Should anyone decide to invest in low-risk securities, he must be informed that a mutual fund type is required
by law. It is called a money market fund. The interest rates are usually short
term and these types of funds are generally considered low risk when compared to other mutual funds.
The prime investment targets for the money market funds are securities, known for their low-risk, such as certificate of deposit, government securities, and commercial papers. They aim at keeping the net asset value per share at 1$ with only the profit margin going up or down. It may be the case, however, that when the investment is bad or performs unsatisfactory, the NAV may drop under $1 per share. While rare it is still possible that losses to occur in money markets.

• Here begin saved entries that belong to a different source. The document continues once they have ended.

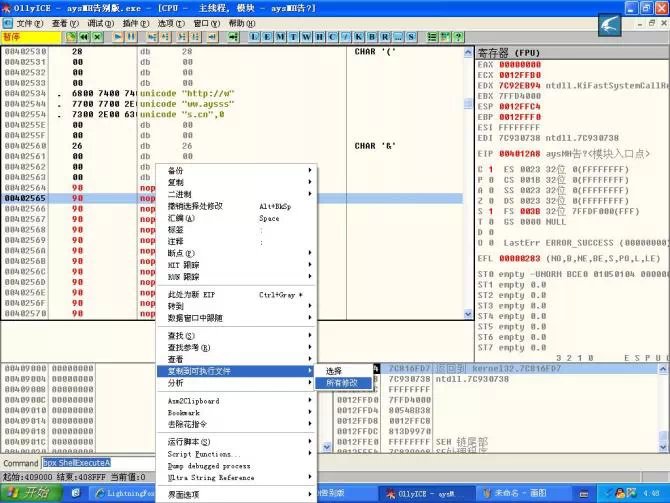 另一个是”http://mh.ayssss.cn/",弹出的网页地址. 分别在两个参考处下断,对于第一个关键字符引用处,我在离它前面近的跳转处修改汇编代码,把跳转nop掉,然后保存下修改的程序,发现网页是不弹了,但是会弹出个错误提示,虽然不影响功能,但是很不美观.这个大家可以自己试,也可能是我方法不对把….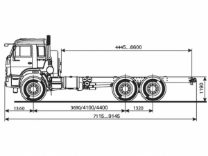 Шасси 6*6, длина рамы мм, грузоподъемность 12 тонн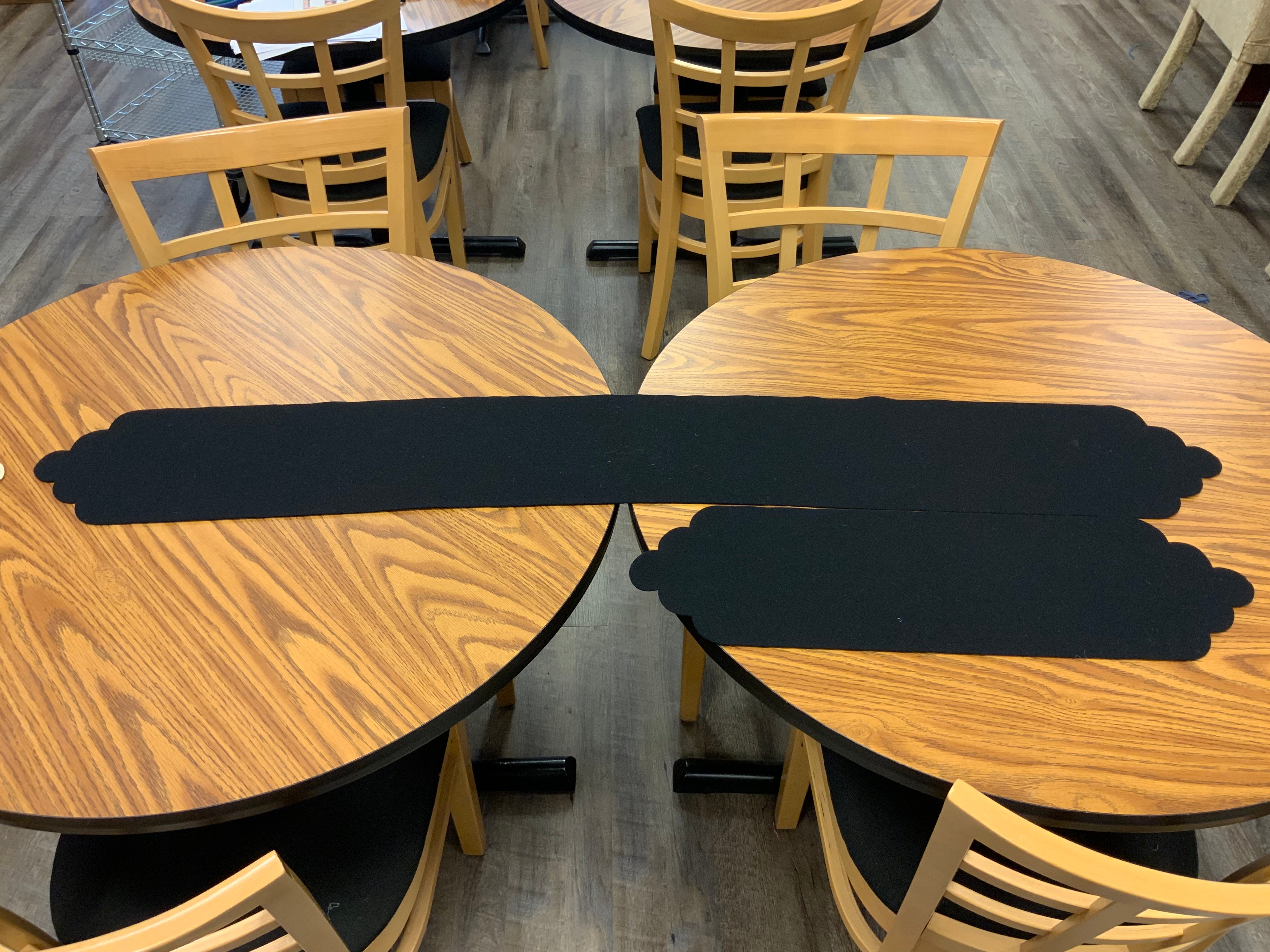 This is for our new appliqué long table runner and they are 7x52 inches. We have our small standard one next to it.

In contrast to a bank money market account for depositing, the funds have not been issued by the federal government. The Treasury Department of the U.S. declared on 19th of September, 2008 the founding of a guarantee program for the mutual fund industry of the money market in United States. The money market funds are subject to rule 2a-7 of 1940ís Investment Company Act, which are offered to the public and on record with the Commission for Securities and Exchange, and are able to enlist.
Prior to making an investment decision, in regard to a money market fund, it will be a good idea to acquire and revise all the information that is available for the fund. This includes the profile of the fund should it have one and of course, a recent report for the shareholders.
Mainly regulated under the 1940ís Investment Company Act, the money market funds rules are in force under it and in particular, Rule 2a-7, which is a part of it. Known as stability funds, they aim at limiting losses that may be a result of liquidity, credit or market risk.
Free charting webinar
Mon, Nov 18th, 2013 12:00 PM - 1:00 PM EST
During the 60 minute session Paul Coghlan, founder of Coghlan Capital, looks at current charts for currencies, precious metals, US indices, highlighting turns and low risk entry points using the Median line analysis methodology.
Median line analysis reduces risk and increases the chartists ability to see trend direction, trend
strength and highlight entry and exit levels.
Seats are limited so be sure to reserve your spot today. The webinar will be recorded, by signing up you'll receive an email with the webinar replay afterwards.